Aristotle on Sincerity

In the seventh section of the fourth book of The Nicomachean Ethics, Aristotle discusses the virtue of truthfulness — or at least truthfulness of a certain sort. He seems mostly concerned here with how people represent themselves to others: Do they brag about their skills and experiences and credentials, do they with false modesty self-deprecate in an annoying and dishonest way, or do they straightforwardly share an honest assessment of themselves?

This is related to a more general version of honesty, in that people who lie about little things for the sake of their reputations are also more likely to lie about big things in order to take advantage of and cheat people. And the boundary between these different sorts of honesty isn’t exact. But Aristotle plans to deal with this other form of honesty when he discusses Justice later on.
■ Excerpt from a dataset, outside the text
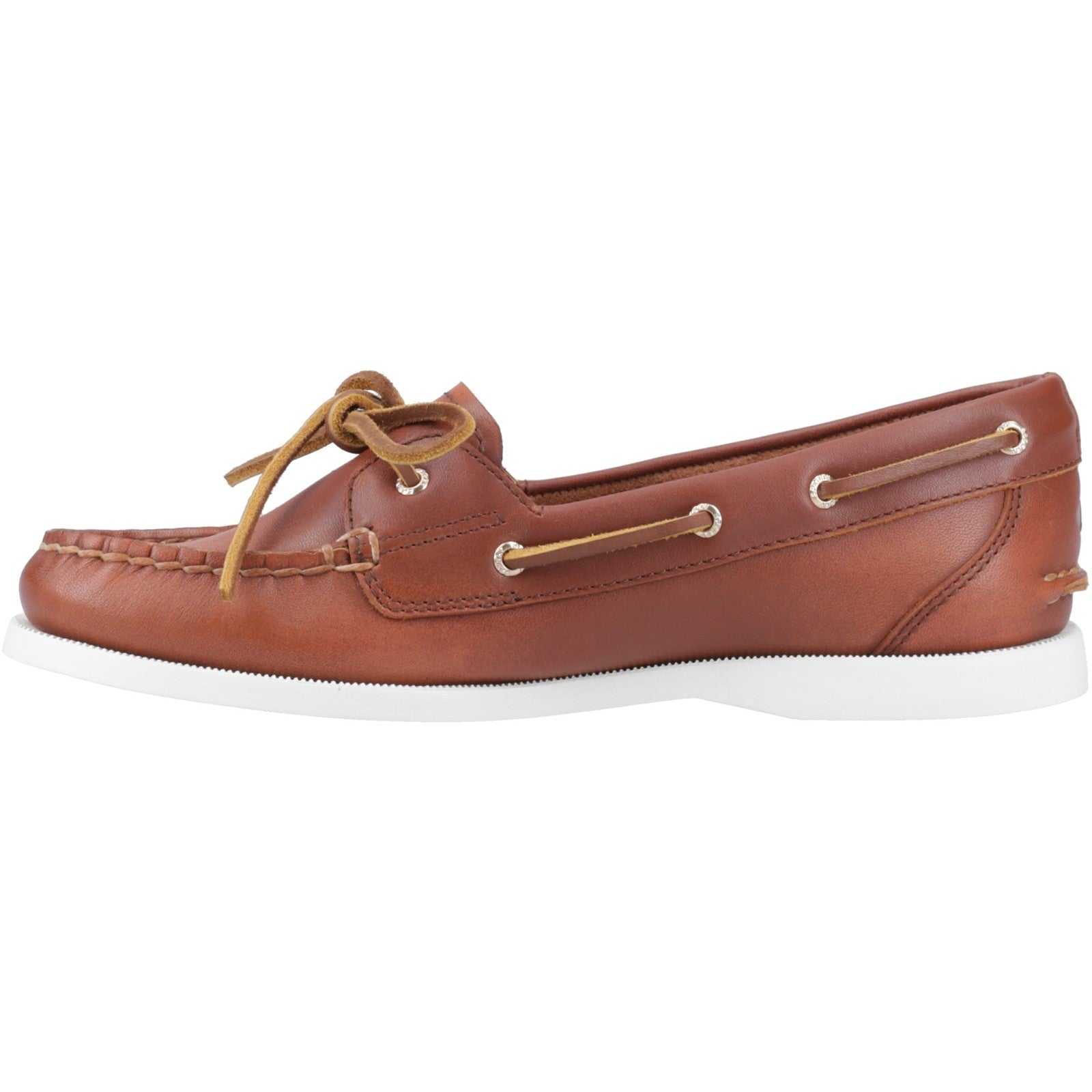 The womens Authentic Original 1-Eye Boat Shoe offers a timeless look anchored in the traditions of coastal style. This classic boat shoe features a luxurious leather upper, with refined copper eyelets, traditional moccasin stitching and rawhide laces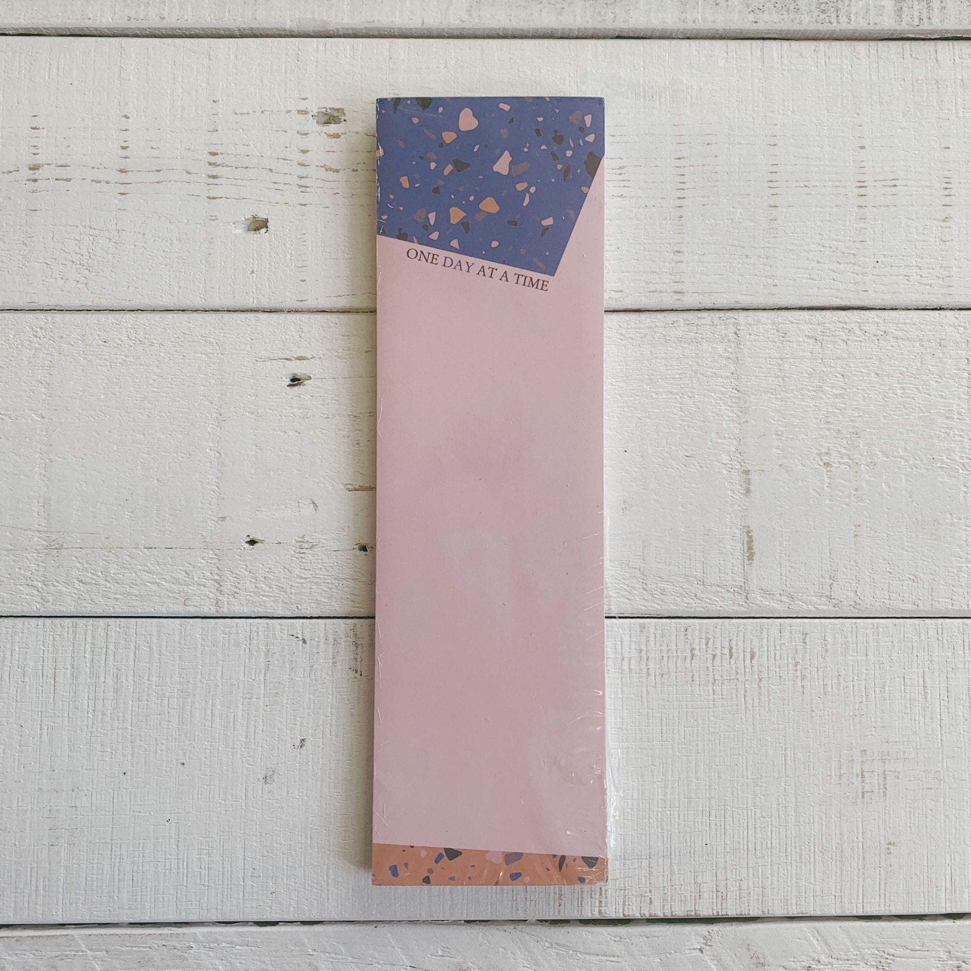 One Day At A Time Magnetic List Notepad in Terrazzo Design | 9.5" x 2.75" | Holds to Fridge with Strong Magnet | 1980s Memphis-Inspired Design

But because of this, the variety of virtue discussed in this section seems almost trivial: the golden mean between being all hat and no cattle on the one hand and failing to toot your own horn on the other — the virtue of a straight shooter who knows his or her own worth.

Various translations of the virtue and vices concerning pretension
Vice of deficiency Virtue (golden mean) Vice of excess
mock-modesty
reservation
self-detracting
false modesty
dissimulation
dissembling concealment
irony
diffidence
self-deprecation
truthfulness
sincerity
straightforwardness
boastfulness
exaggeration
vain-glory
arrogance
arrogant ostentation
swagger

The vices associated with this virtue are most evident, Aristotle says, when there is no ulterior motive for deception, but when such deception has simply become habitual. At such times, the vices are evidence of a person’s character, and not just evidence that a person has given in to temptation.

Aristotle deliberately pairs this virtue with the previous one (amiability). One way of looking at this is that amiability is the virtue of honestly assessing and expressing our opinions of the good features of those around us, while this virtue of truthfulness is the virtue of honestly assessing and expressing our opinions of the good features of ourselves.